While the Centre has been making big bang announcements towards boosting its Digital India campaign over the last two years, start-up and investors community want the Finance Minister to not announce any new schemes but find ways to implement the existing ones without bureaucratic hurdles.
This was the crux of the message emerging out of a panel discussion organised by BusinessLine as part of the run-up to the Budget 2017-18. The participants said the Centre needs to have lesser regulations and abolish unnecessary levies imposed on start-ups.
Manoj Gupta, Founder of Crafstvilla, said that starting up in India still remains a Herculean challenge compared to developed economies such as the US or Singapore. “The problem is not to start a business but the compliances and regulations one has to go through. There are so much paperwork required. What we need is an ease of start, ease of compliance and ease of exits,” he said adding start-ups should be treated differently and the archaic laws need to be amended.
Naveen Surya, founder of digital payments company ItzCash, said that the Government needs to announce enough incentives for both consumers and merchants to be able to make digital payments and for that the Government has to digitise a lot of its own transactions.
Mahesh Murthy, a tech investor and Founder of SeedFund, was of the view that the Government needs to be more pro-active and should not work towards making headlines in the media.

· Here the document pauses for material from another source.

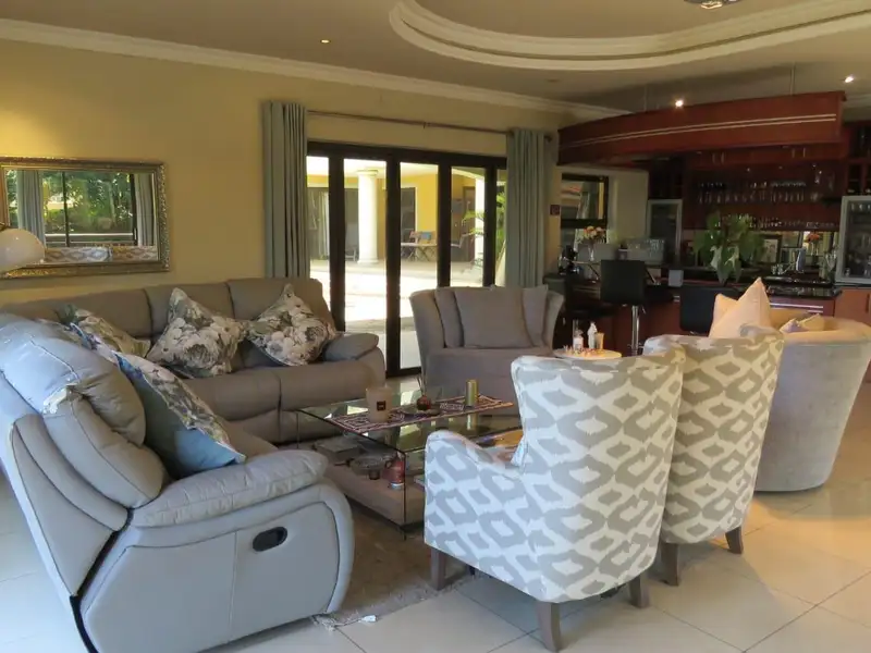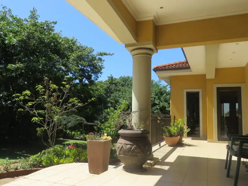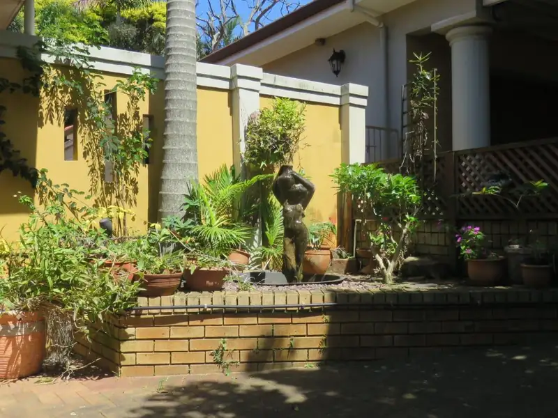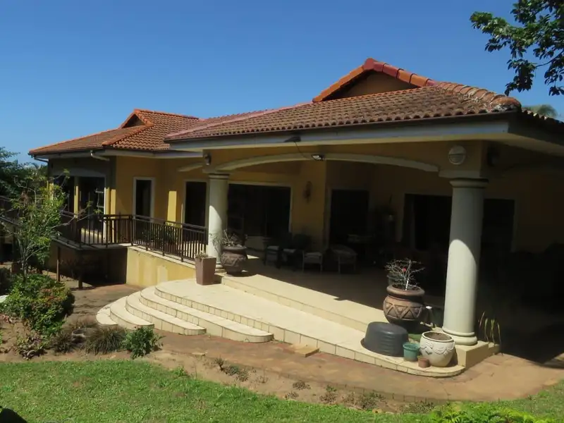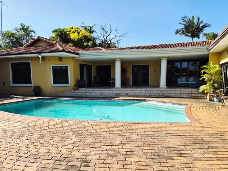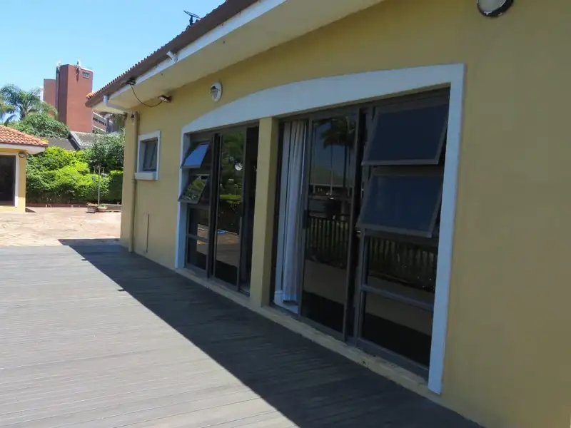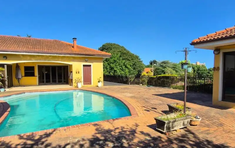 Set on 2023 square metres of prime ground, central Amanzimtoti, this superb house is just over 500 square metres under roof. Located on a prime corner plot commanding views from four other roads, prime position. As you enter through the pillared electric gates, the first thing that will impress you is the wide, spacious driveway leading to a three car carport and triple garage. You enter the house into a small impressive entrance hall and there on your left is the cinema room or tv room and across the passageway is the breakfast room, with floor to ceiling windows overlooking the wrap-around patio and super swimming pool. Adjoining this room is a gourmet kitchen that is a Chef's delight, with a built-in coffee machine, beautifully fitted out, with large scullery, offering lots of storage and functionality for all your culinary requirements. Further into the house, there are four King sized bedrooms, two en-suite with dressing areas and one of the three bathrooms is located in the passageway conveniently located for your guests. The main bedroom is quite spectacular due to its size and shape and a gorgeous circular bath in the en-suite. This room also offers an entrance to the wrap-around balcony and swimming pool, plus distant sea views. The next room to the cinema room is a large formal dining room, with an exquisite chandelier and has access to the lovely tropical garden. In this room are double designer doors opening into a large formal lounge, with floor to ceiling windows that open out onto the wrap-around balcony and swimming pool and distant sea views. Guess what! This isn't all. From the scullery is a door to the outside leading to a spacious one bedroom flat, offering you a residual income, should you desire or a teen pad or Granny flat. As mentioned, there is a large wrap-around balcony off all the rooms except the cinema room.The house is connected to three phase electricity, offering superior power for your bigger appliances or industrial motors. A special feature of this wonderful property is the outside Jacuzzi room, by the swimming pool, specially designed for private parties or just for yourself. The whole property is beautifully walled and security is the key. If this home is something you would like or have dreamed of, give me a call and I will arrange an appointment to view.
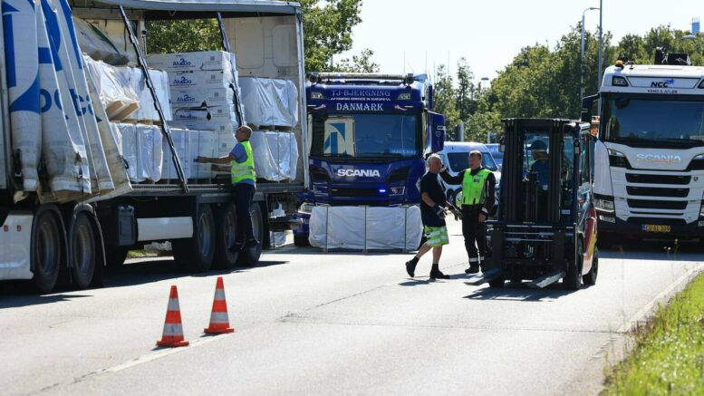 Lastbil har tabt gods ved IKEA: Det tager lang tid at få ryddet op!

“Start-ups are the new job creators and it's time to give these people enough support,” Murthy said adding that one most important step towards this can be creating lot of engines of growth like Nasdaq in the US or AIM in the UK.
“Make it easy for the start-ups to list and allow accredited investors to invest in them. Tax holidays on profits for three years is not the solution as no start-up makes money in the initial years,” Murthy said adding that there is need for growth exchange like Nasdaq.
Longer tax holidaysSerial angel and PE investor Sanjay Mehta said the Government should have longer tax holidays for a period of 10-15 years for start-ups just like what TCS and Infosys were given to boost the IT sector. “There is an immediate need to abolish Section 56 (2b vii) of the Income Tax laws even for those companies incorporated before April 2016 as it is detrimental to investors providing funding to new entrepreneurs,” Mehta said.
Mehta also said that the Government should ensure that capital in easily accessible to entrepreneurs.